Spesso mi hanno domandato di parlare senza ambiguità e dire con chiarezza se io sono un indù oppure no. Comprendo lo spirito cartesiano che suggerisce una simile domanda. Solitamente la domanda è così indiretta e dialettica che passo un brutto momento prima di poter dare una risposta sensata, e quella non mi mette perfettamente a mio agio. Ma intendo provare a darne una in queste pagine.

Comincerò con il sottolineare tutta la violenza, il più delle volte inconscia, delle domande così brusche e di tanti questionari che costringono a entrare nell’abitudine di colui che pone la domanda, stabilendo le condizioni e le categorie da utilizzare per costringere nel campo generalmente stretto dell’inchiesta.
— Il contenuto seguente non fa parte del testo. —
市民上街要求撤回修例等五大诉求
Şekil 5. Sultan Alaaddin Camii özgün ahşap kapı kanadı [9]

C’è un dialogo memorabile di Buddha in cui dice a un monaco inquisitore che dovrebbe starsene tranquillo poiché lui, il monaco Radha, non conosce ciò su cui interroga (allorquando vuole sapere, a partire dalla sua costruzione mentale, se il nirvana esiste o no).

Ma una volta che la domanda ha infranto l’innocenza, la domanda permane – e noi non dovremmo eludere la risposta.
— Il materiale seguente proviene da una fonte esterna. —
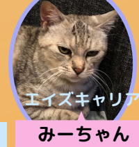
みーちゃん 6歳 避妊済み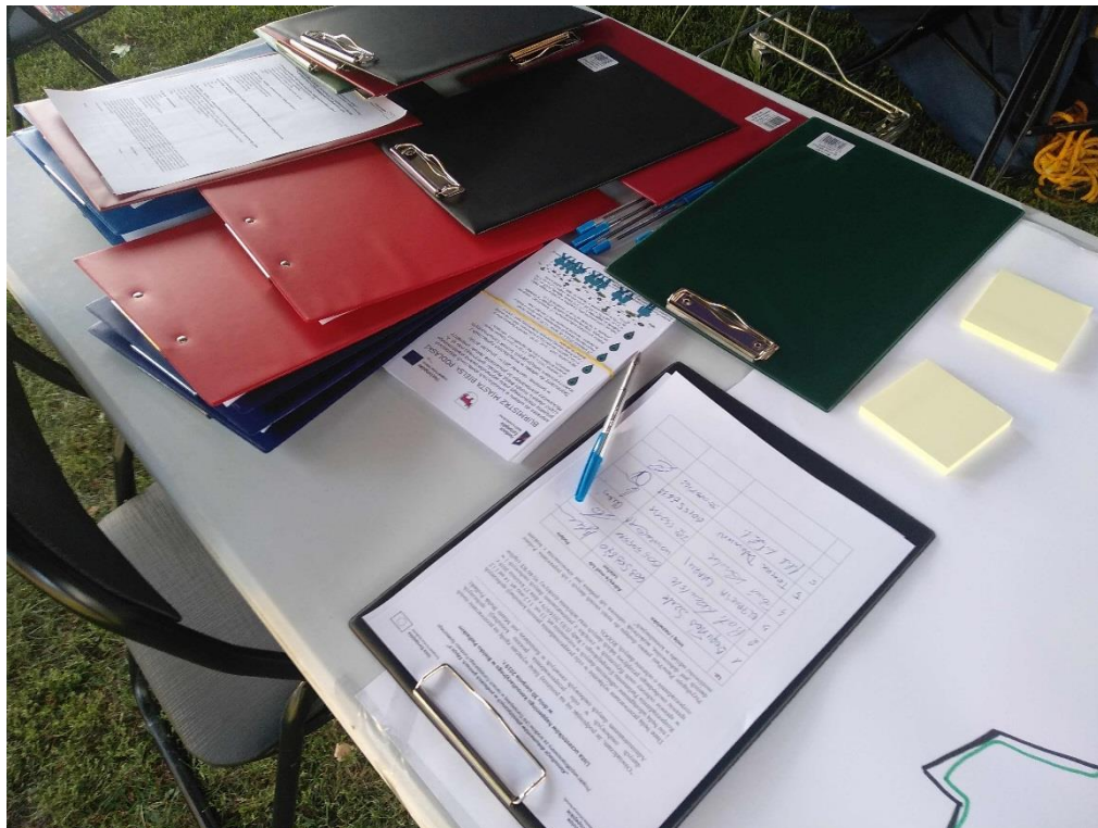
Stół konsultacyjny z ankietami i lista obecności

Se la persona chi mi interroga è cristiana, so molto bene che se rispondo di sì, ne dedurrà che non sono cristiano – e se è al corrente che sono un prete cattolico, presumerà che sono un apostata, che non sono più cristiano.

Se dico "no", non sarei sincero e questa non sarebbe più una vera risposta.
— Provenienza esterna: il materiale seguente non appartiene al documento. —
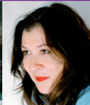
Eva Mattes mit Ensemble ZwischenWelten

Weilling Land und Leute 16.2.2024 19:30 Uhr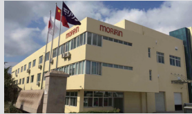
4 上海茉莉林纺织品有限公司 青岛分公司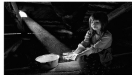
Фотографии с сайта Морского музея

Рядом с фотографиями на выставке показаны работы учеников Соловецкой школы ремёсел. За неделю до начала сезона Соловецкий Морской музей представил в Архангельске выставку «Крест и маяк: навигационные знаки Белого моря в XVI-начале XX века». В 2012 году эта выставка была удостоена Всероссийской историко-литературной премии «Александр Невский» и после этого экспонировалась в Москве и Санкт-Петербурге. В Архангельске она была открыта 31 мая в Северном морском музее. Тогда же между двумя морскими музеями было подписано соглашение о широком сотрудничестве в научно-просветительской сфере.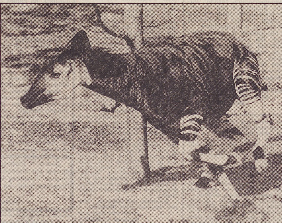
Япония: Африканский гость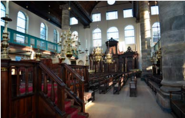
Interieur van de Portugese synagoge met teba en hechal.

In de diaspora heeft nooit een specifiek joodse bouwstijl bestaan. Gewoonlijk werd de plaatselijk gangbare bouwstijl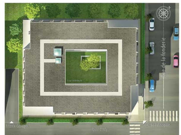
Plan de masse de la résidence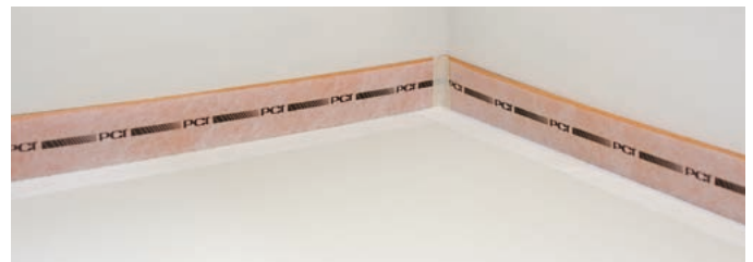
Abb. 7 – Der Einbau von PCI Pecitape® Silent als Randdämmstreifen ist dabei unerlässlich.

Lo spirito occidentale, che ha impregnato la mentalità cristiana, è generalmente dominato (non riesco a trovare un termine migliore) dal "sacrosanto" principio di non-contraddizione (è il caso di S. Tommaso d’Aquino), secondo cui, se confesso di essere indù non posso essere cristiano, presumendo che i due siano contraddittori. Ora, si può comprendere meglio che se la domanda è stata lanciata in modo polemico, non avrei tempo per spiegare che vi sono differenti maniere di pensare e che il mondo intero non appartiene al ceppo abramico, d’altro canto così straordinario. Nella pura logica c’è perfetta contraddizione tra essere indù ed essere non-indù, ma non necessariamente tra un indù e un cristiano, nemmeno, strettamente parlando, tra essere e non essere indù, a meno che non postuliamo l’univocità dell’essere e la subordinazione dell’essere alla logica. A è contraddittorio rispetto non-A, ma l’essere, a dire il vero, non si riduce ad A (né a non-A) – non è riducibile ad alcuna algebra (forse anche a nessuna logica).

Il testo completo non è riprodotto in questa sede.